Delhi is a rarity on the Indian landscape: a symbol of urban progress rather than urban decay. And for almost a decade, Sheila Dikshit has presided over the nation’s Capital as its chief minister. Dikshit, nearing the end of an unprecedented second term, has helped guide an array of economic and political changes. Under her watch, the first phase of the Delhi Metro was completed on budget and on time—a feat heralded as belying the stereotype of the Indian government’s inefficiency. The second phase is on track to be finished in time for the Commonwealth Games, scheduled to be held in the city in 2010.
Also during her tenure, power distribution has been privatized, pollution reduced, and green areas throughout the city increased. Students at government schools are performing better. In addition, Dikshit has attempted to lessen the tensions between the bureaucracy and citizens through an initiative that brings both sides together for regular discussions. Bhagidari, as it is called, has been held up as an international model of good governance.

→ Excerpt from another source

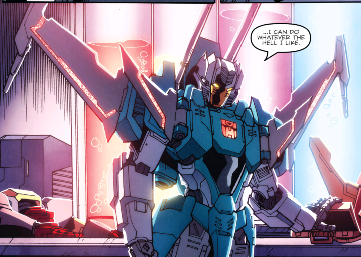 It’s true that putting the war to bed has opened up a huge number of new storytelling avenues, most of them predicated on the idea that, once (overt) hostilities cease, and the red and purple badges are put to one side, you’re forced to see each Autobot and Decepticon as a Cybertronian – as a character defined by something other than who they used to take orders from. As I say, it’s opened up lots of new story possibilities. All that said, if the war started again – and it well might – that would mean MTMTE had to end. It would just create some interesting new tensions…
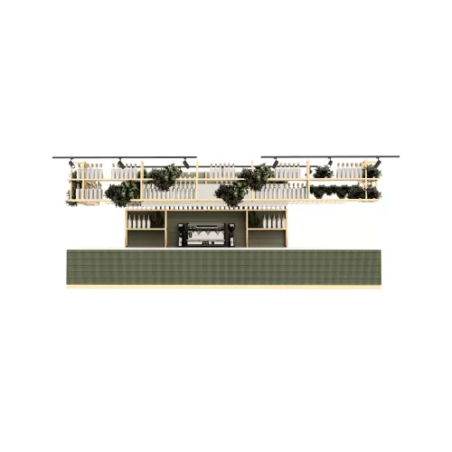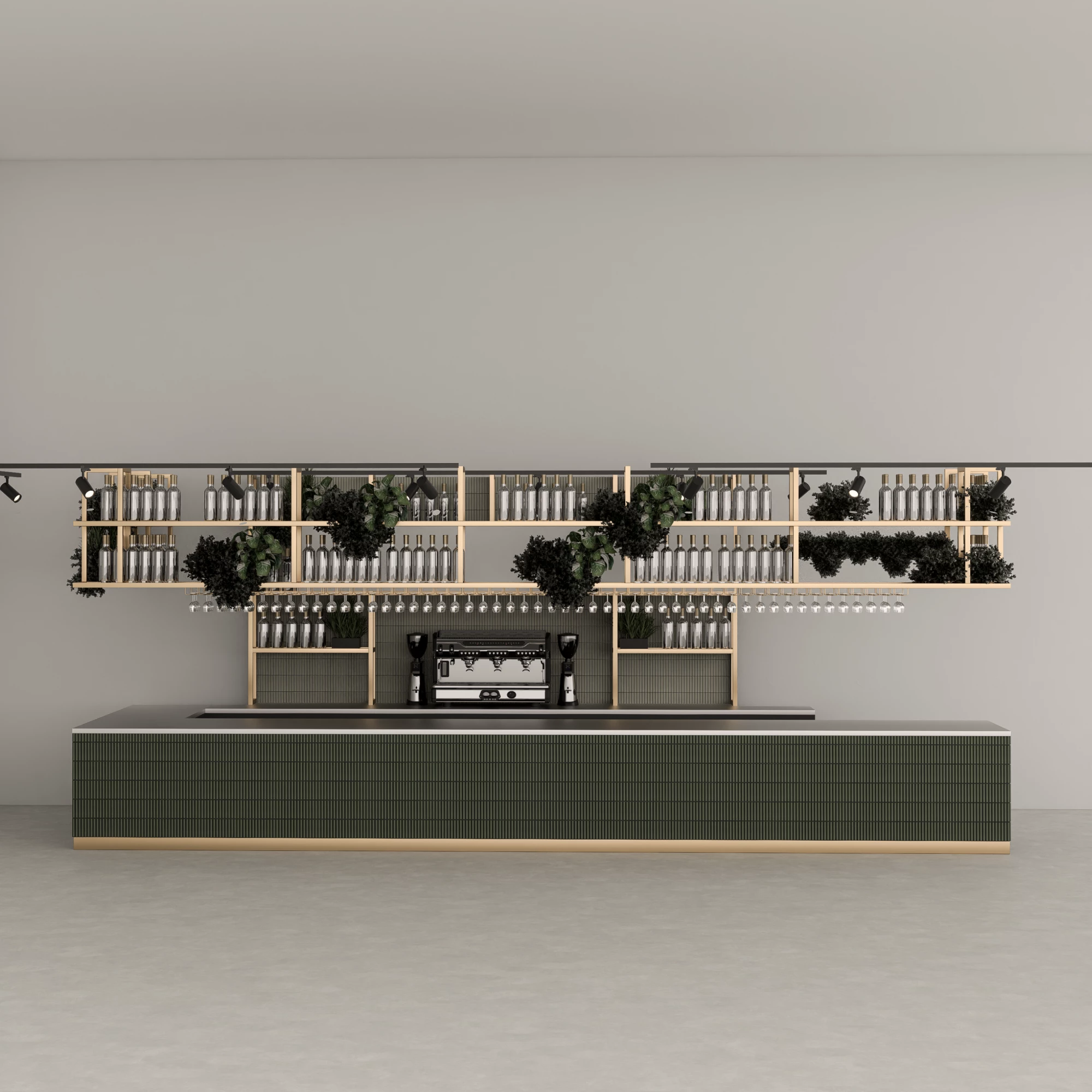 Über der Theke setzen der Hänge- und der Rückwandrahmen – gefertigt aus 4 x 4 cm großem, pulverbeschichtetem Metall in Goldoptik – einen luxuriösen Akzent. Ihre geometrische Schlichtheit verleiht dem Raum Eleganz und rahmt die Ausstellungsfläche dezent ein.

CM Sheila Dikshit says Delhi has improved in many ways, but there are still miles to go
Yet, Dikshit would be among the first to acknowledge that progress has not come fast enough or without snags. Delhi is straining under the weight of a vast and growing population. More than 13 million people live there, and half a million more move in every year. Decision-making can be excruciatingly slow, especially since her administration shares authority in the city with elected municipal leaders and a lieutenant-governor appointed by India’s President.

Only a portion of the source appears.